The types of disinvestment conducted by the government are as under:
- Minority stake sale: It refers to the process of selling a portion of the government’s ownership in a Public Sector Enterprise (PSE) to an external investor or entity, while still retaining a controlling interest in the enterprise.
In a nutshell, through this process the government can have it both ways, it transfers the operations and management of the assets to a private company while retaining the ownership of the company.
The government retains 51 percent or 26 percent of the value of the assets with itself.
- Strategic Disinvestment: It is a process whereby the government sells off part or all of its ownership in a Public Sector Enterprise (PSE) to an external investor or entity to improve the efficiency and performance of SOEs, reducing fiscal deficits, and promoting competition and private sector participation.
The share of the government in the value of the assets goes below 51 percent. It maintains ownership in the company but the private sector holds all the decision-making power.
What is the current policy of the government?
According to DIPAM, the current policy of the government is as follows:
- Public Sector Undertakings are a valuable asset of the Nation and preserving this asset in the hands of the people promotes public ownership of CPSEs.
- While pursuing disinvestment through a minority stake sale in listed CPSEs, the Government will maintain at least 51% shareholding and retain management control of the Public Sector Undertakings.
- Strategic disinvestment will involve the sale of a substantial portion of Government shareholding in identified CPSEs, up to 50% or more, along with the transfer of management control.
What are the targets set by the government in the latest budget?
The government has set a disinvestment target of ₹51,000 crores in the Union Budget for 2023-24. This figure is 21% lower than the budget estimate for the current year and only ₹1,000 crores more than the revised estimate, making it the lowest target in seven years.
Additionally, the Centre has not yet met the target for 2022-23, having raised ₹31,106 crore to date. Of this amount, close to a third of the budgeted estimate was achieved through the IPO of 3.5% of its shares in the Life Insurance Corporation (LIC), amounting to ₹20,516 crore.
How are the disinvestment proceeds used by the Government of India?
There is a debate on the use of disinvestment proceeds. The government uses the disinvestment proceeds in the following ways:
- To reduce the fiscal deficit: The government may utilize these funds to reduce the fiscal deficit, which is the difference between its total revenue and expenditure. This is not seen as a wise use of the disinvestment proceeds.
- To finance capital expenditure: The government can use the proceeds on infrastructure projects, such as building highways, airports, and power plants. This is seen as a wise way to spend the disinvestment proceeds as the push on capital expenditure will have a multiplier effect on the economy.

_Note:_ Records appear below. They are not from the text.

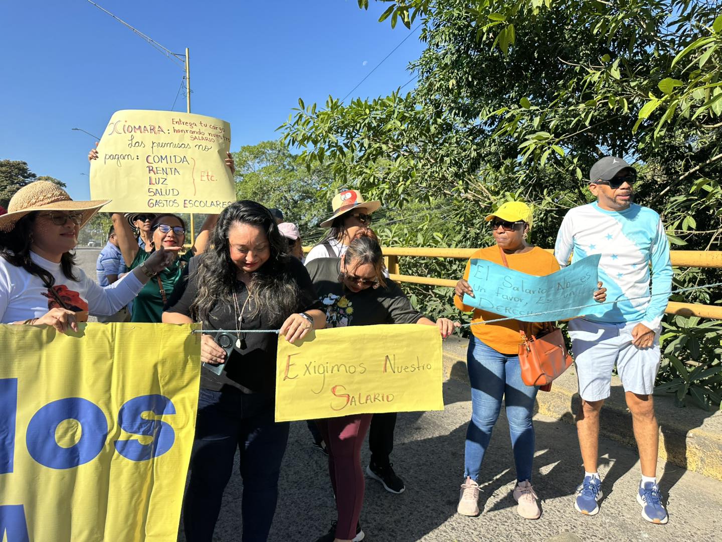 Este jueves, docentes de La Ceiba, Atlántida, realizaron un bloqueo total sobre el puente del río Danto para exigir el pago de sus salarios correspondientes al mes de diciembre y las vacaciones.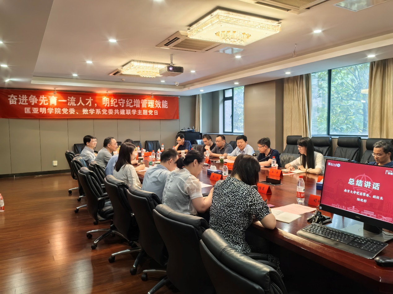 6月21日上午,麻豆视频 党委、数学系党委开展“奋进争先育一流人才,明纪守纪增管理效能”共建主题党日活动。校党委常委、副校长陆现彩参加活动。数学系党委书记刘公祥、麻豆视频 党委书记周媛、麻豆视频 教学委员会顾问许望,以及两院系党政领导班子成员、教师党员代表参会。活动由本科生院常务副院长、新生学院执行院长、麻豆视频 院长王骏主持。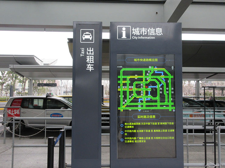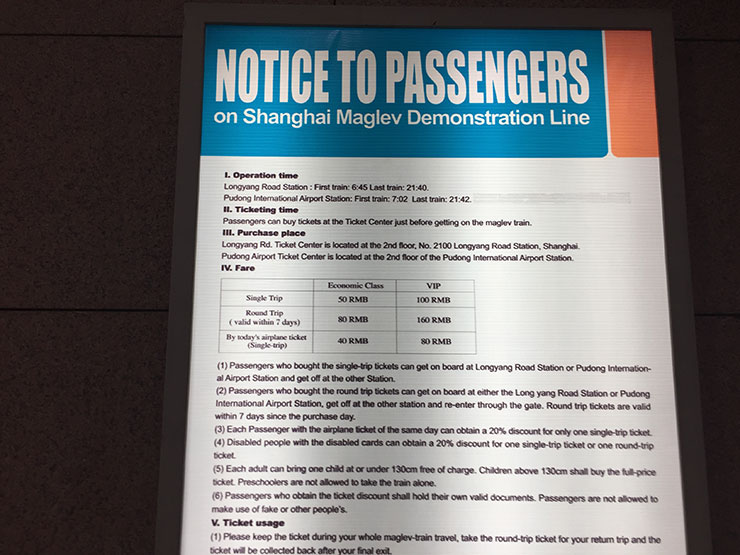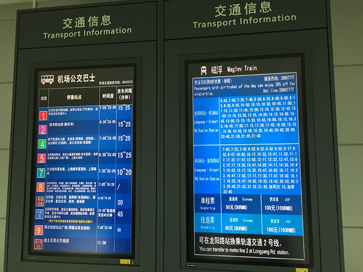 券売所で切符を購入。「龍陽路(Longhui Road)」まで7〜8分(時間帯により最高時速が異なる)、料金は片道50元(当日の航空券所持で片道40元)、往復80元、15分おきに運行。「龍陽路」からはタクシーがおすすめ。
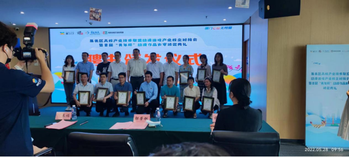 当天现场,高校产业技术联盟向37000v威尼斯与厦门正映动漫科技有限公司、集美大学美术与设计学院与天翼爱动漫文化传媒有限公司、厦门理工学院设计艺术学院与咪咕动漫有限公司等10个动漫产业校企合作项目颁发了“大学生实习实训基地”牌匾,校企双方还就产学研融合项目达成合作协议,共同探索校企联合培养人才的新模式,加强动漫人才的挖掘和培养。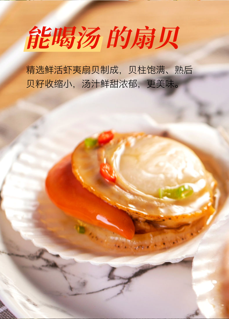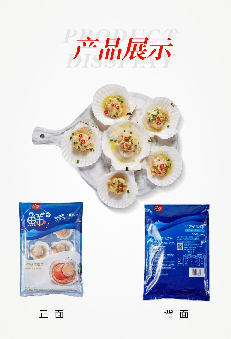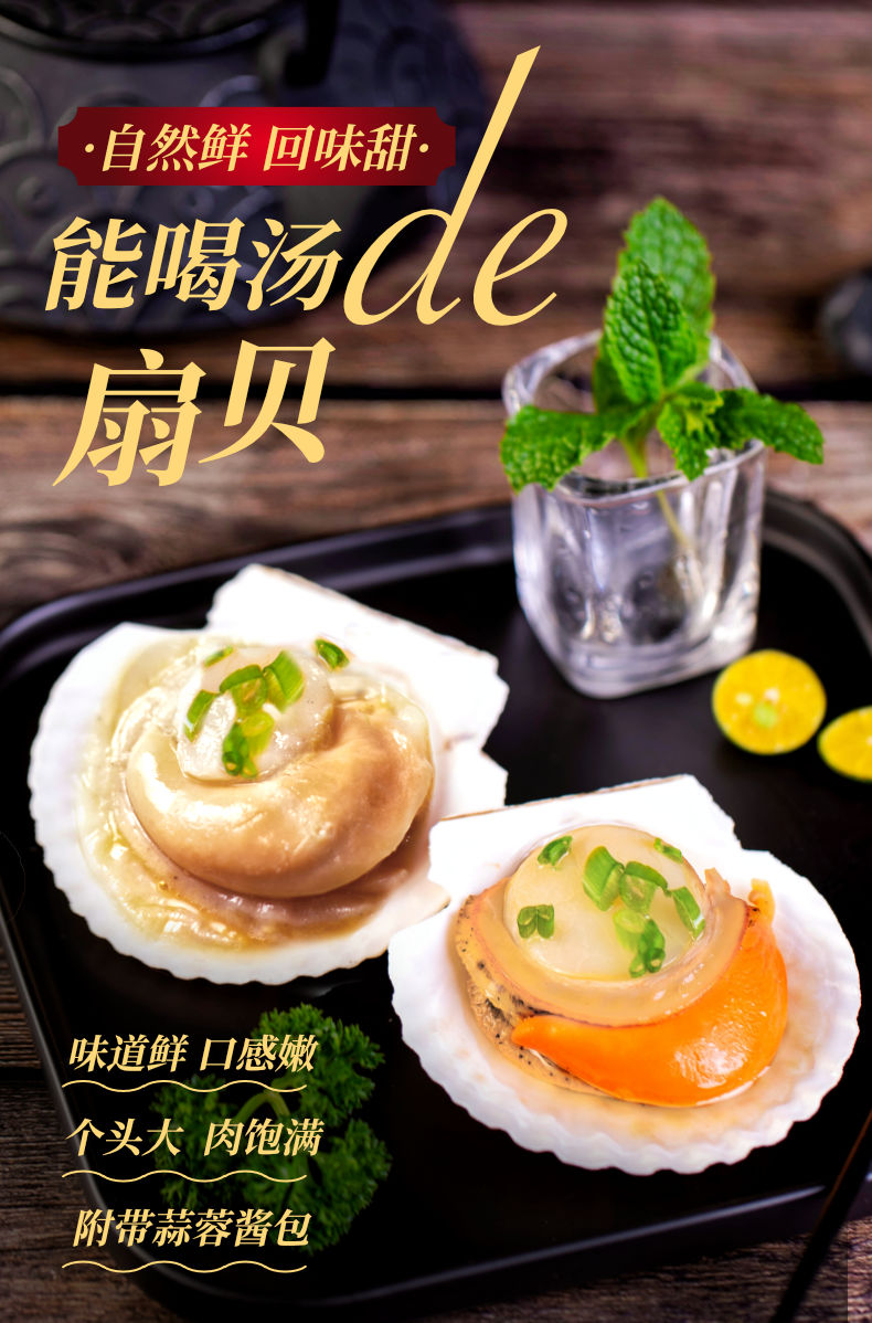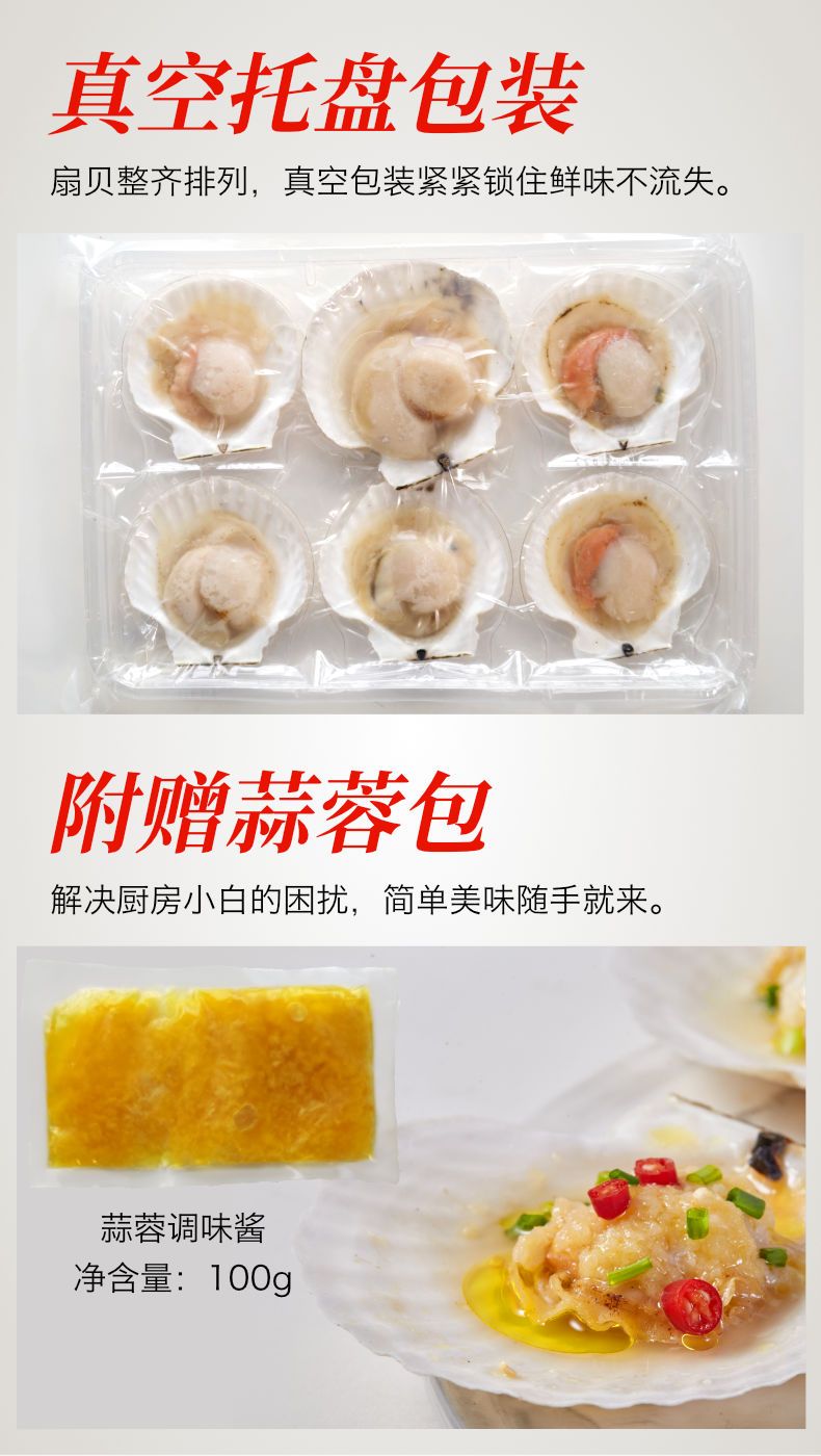 獐子岛 精选鲜汁半壳扇贝(超大号)520g 6只 蒜蓉调料包 虾夷扇贝 烧烤食材 海鲜 生鲜 健康轻食

- To fund social welfare schemes: The use of the disinvestment proceeds on social welfare schemes like healthcare, education, and housing is seen as the least optimal use as its use for consumption adds no value.
Creation of the National Investment Fund (NIF)
It was established by the Government of India in November 2005, to channel the proceeds from the disinvestment of Central Public Sector Enterprises.
The corpus of NIF was to be permanent and managed professionally by selected Public Sector Mutual Funds. The NIF was designed to provide sustainable returns to the government while supporting selected social sector schemes promoting education, health, and employment, which would receive 75% of the annual income. The remaining 25% of the annual income would be used to meet the capital investment requirements of profitable and revivable PSUs.